The Sean Ellis test (asking customers "how would you feel if you could no longer use this product?" and targeting 40%+ "very disappointed" response) is a useful qualitative signal. It's not sufficient for measuring product-market fit in a business that needs to make resource allocation decisions based on it.

The survey has known weaknesses: survey response bias, lack of predictive validity at the account level, and the measurement of stated rather than revealed preference. A customer who says "very disappointed" might still churn; a customer who says "somewhat disappointed" might be your best long-term account.

The behavioral signals that actually confirm PMF:

Organic growth without marketing investment. When customers are finding your product, signing up, and converting to paid without paid marketing driving the majority of that flow, someone is recommending you. This is the most reliable PMF signal.

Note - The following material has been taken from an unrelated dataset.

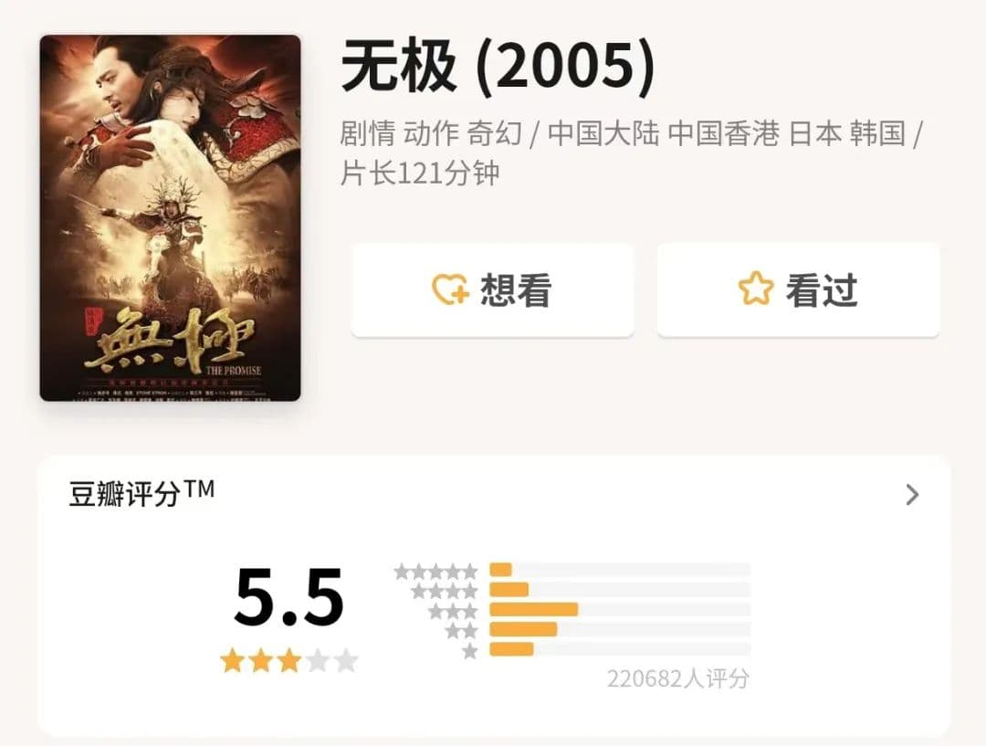 2005年《无极》上映时,因内容荒谬、逻辑不通,被打上“烂片”的标签,网友戏称为《一个馒头引发的血案》。

Usage-driven expansion. When existing customers expand their usage — add seats, upgrade plans, adopt more features — not because your CS team sold them, but because the product was delivering more value than the initial purchase covered.

Retention without active customer success. Early-stage companies often maintain retention through heroic CS effort. Real PMF shows up when retention is strong even in accounts with limited CS engagement — the product itself is the retention driver.

Pulling behavior in sales cycles. When prospects come to you having already used the product (free trial or bottoms-up discovery) and are eager to buy, rather than needing to be convinced, this is pull behavior. Push behavior (heavy sales effort to close) indicates PMF uncertainty.

Unsolicited advocacy. Are customers telling peers about your product without being asked? This is the strongest single PMF signal because it requires positive emotion beyond satisfaction.

Survey for qualitative understanding. Measure behavior for conviction.